Forty desultory minutes later, the result was the same, the sample still remained single in unmatched glory. A bleak grey dawn peeping through the windows matched my mood. Another hour of this, and I would be hard pressed to brush my teeth, bed now a distant dream. Putting in the last four samples with flagging spirits, I was interrupted by a loud banging on the door of the lab. Opening the door at the crack of dawn in a deserted lab is not a good idea, but with fatigue came a strange recklessness. I marched up to the door and opened it only to see the flushed face of the surgery houseman in what he believed was a righteous rage at being pulled from his `cutting` and packed off to the godforsaken lab to deal with an uppity pathologist who for reasons best known to her seemed hell bent on thwarting the wishes of the surgeons. I realised the futility of trying to reason with the unreasonable and let him in. With the patience of a kindergarten teacher trying to explain that two plus two equals four to a rather dull and disinterested five-year old, I showed him the slides with the clumped RBCs. He departed slightly less belligerent, muttering under his breath.
The sample I had seemed strangely reluctant to be matched and seemed to take pleasure in its single glory as was revealed by the last cross matches. Blood, blood, and more blood but not a drop to spare! I thought I was onto something inexplicable and decided to take the matter to Dr. K for clarification when I was interrupted again, this time by no less a person than the surgery registrar himself who had decided to climb off his high horse to give me a piece of his mind. I tried explaining the situation the best I could and showed him all my slides. But when he had the gall to suggest that one of the slides appeared normal with fewer clumps and that I should release the bag, my nerves already frayed at the edges gave way. I do not want to repeat the words that I used in that little altercation in polite company, suffice to say that he departed rather shell shocked with the single ominous word `complaint` on his lips.
Wearily, I sat down to write my report. I knew that it would have to be a detailed one as I would soon be summoned to explain my nightly doings. Sure enough, by mid- morning I had to report to the superintendent`s office with Drs. K and M peering at me beadily. Luckily my slides saved the day and they could do no more than peer even more beadily through the microscope before deciding that I had done well. Dr. Kohli thought that the sample required a more thorough study than was possible at the hospital and it was summarily dispatched to KEM .

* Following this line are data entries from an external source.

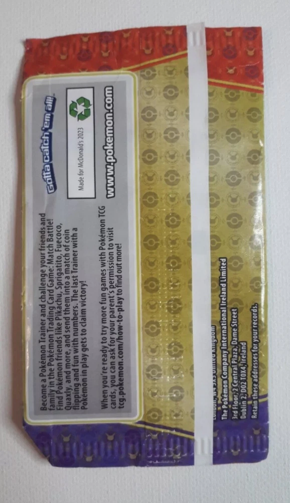 This is a lot of 12 packs of Pokémon TCG McDonald's 2023 Build & Battle. Each pack contains 4 cards, including 1 promo card and 3 booster cards. The cards are made of high-quality card stock and are in English language. The lot includes 12 packs, all of which are new and sealed. If you have any questions or concerns please feel free to contact us!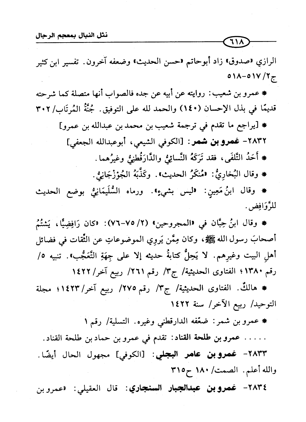 2834 - عَمرو بن عبد الجبار السنجاري: قال العقيلي: "عمرو بن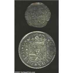 Carlos III 4 Reales 1761S-JV, KM396.2, VF+ toned luster, plus an early 1 Real of Mexico, Mo-F, crude Fine. 2 coins Important notice: We expect to be auctioning lots at the rate of 200-250 per hour. Sometimes eBay Premier live bid software cannot keep up with that pace, so we strongly recommend that you place a realistic proxy bid now as insurance to avoid disappointment. Also please note that all Heritage/CAA lots purchased through eBay Premier carry a 20% Buyer's Premium. Please make sure you read the Terms and Conditions.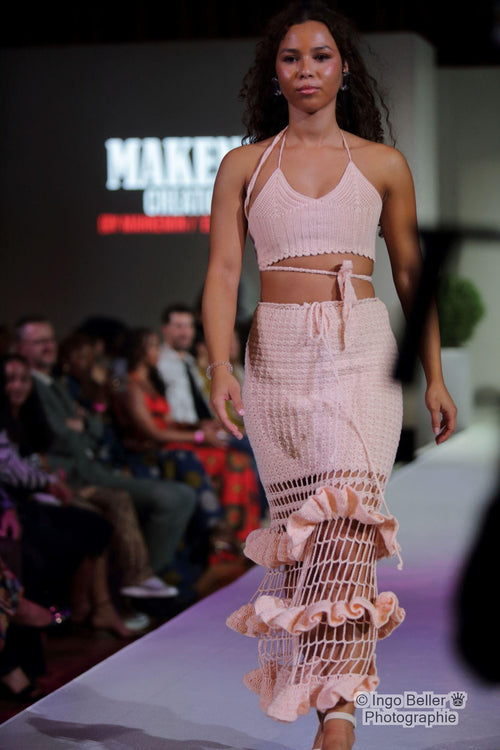 Each piece is entirely handmade using traditional crochet techniques, designed to move with the body and celebrate individuality.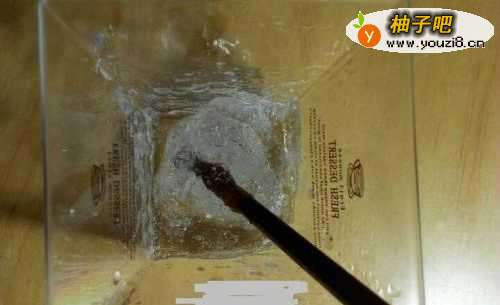 拿出一个容器,倒胶水和水,比例是胶水1比水2.5,能拿一个瓶盖试试比例,倒进去之后进行搅拌,别怪我容器没洗??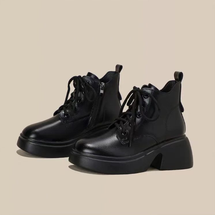 A5140 บูทส้นหนา เข็มขัดหลอก มีซิป มี 2 สี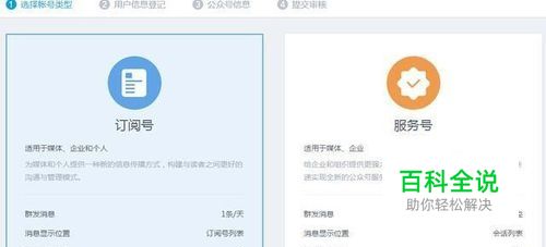 第二步,选择公众平台的类型,分类订阅号和服务号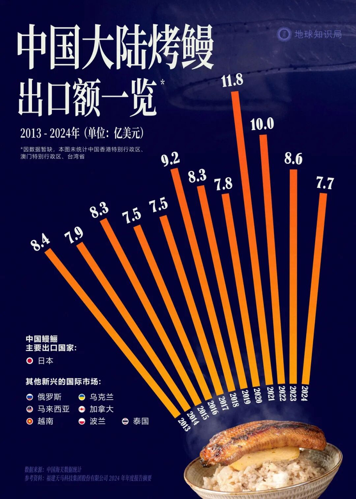 中国是世界鳗鱼养殖和出口第一大国,2022年出口了6.4万吨。不仅能满足整个日本市场的需求,还能向别的国家出口。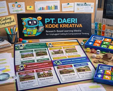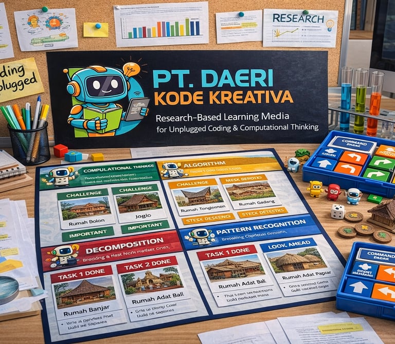 Seluruh media pembelajaran PT Daeri Kode Kreativa termasuk gameboard edukatif, media computational thinking, dan alat belajar kontekstual lainnya dirancang berdasarkan hasil penelitian peneliti, kebutuhan nyata di lapangan, serta pendekatan pedagogis yang teruji. Produk dikembangkan agar dapat digunakan tanpa ketergantungan teknologi tinggi, sehingga inklusif dan adaptif untuk berbagai jenjang pendidikan.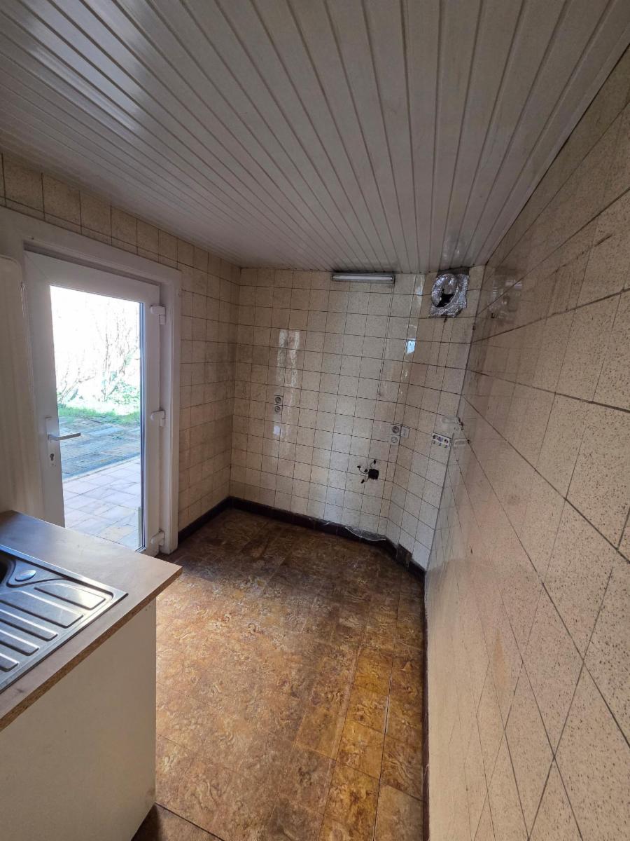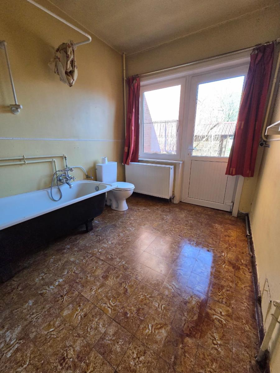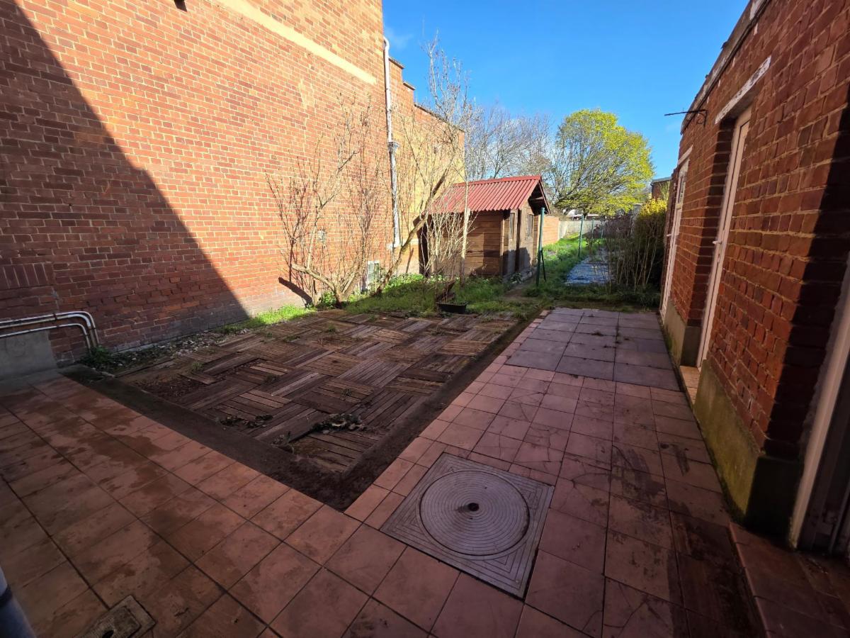• Rez-de-chaussée : Un living, un salon/salle à manger, 1 séjour, 1 cuisine, 1 salle de bains (avec baignoire, évier et WC), 1 WC extérieur, 1 terrasse, 1 jardin, 2 remises, ainsi qu’un passage latéral donnant accès à 2 garages à terminer au fond du jardin.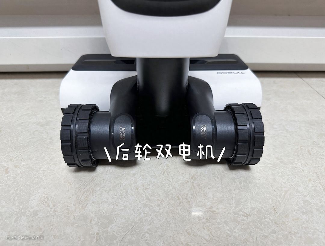 给大家看看添可芙万3.0搭载的双驱电动滚轮,两个滚轮都单独配置了电机。使用洗地机时,不管是向前推还是向后拉都可以很轻松。

A little while later, I was vindicated when the report from the KEM lab revealed that the patient had the Bombay blood group and required transfusion under specialist supervision and the saga came to a close.
That night taught me much beyond arcane academia. It taught me the importance of being meticulous no matter what the job for in our profession, a life did literally depend on it. It taught me the importance of standing up for what I thought was right despite receiving flak. But, most importantly it taught me respect for the people who worked behind closed doors, away from the spotlights of glamour and accolades making magic in their own quiet ways.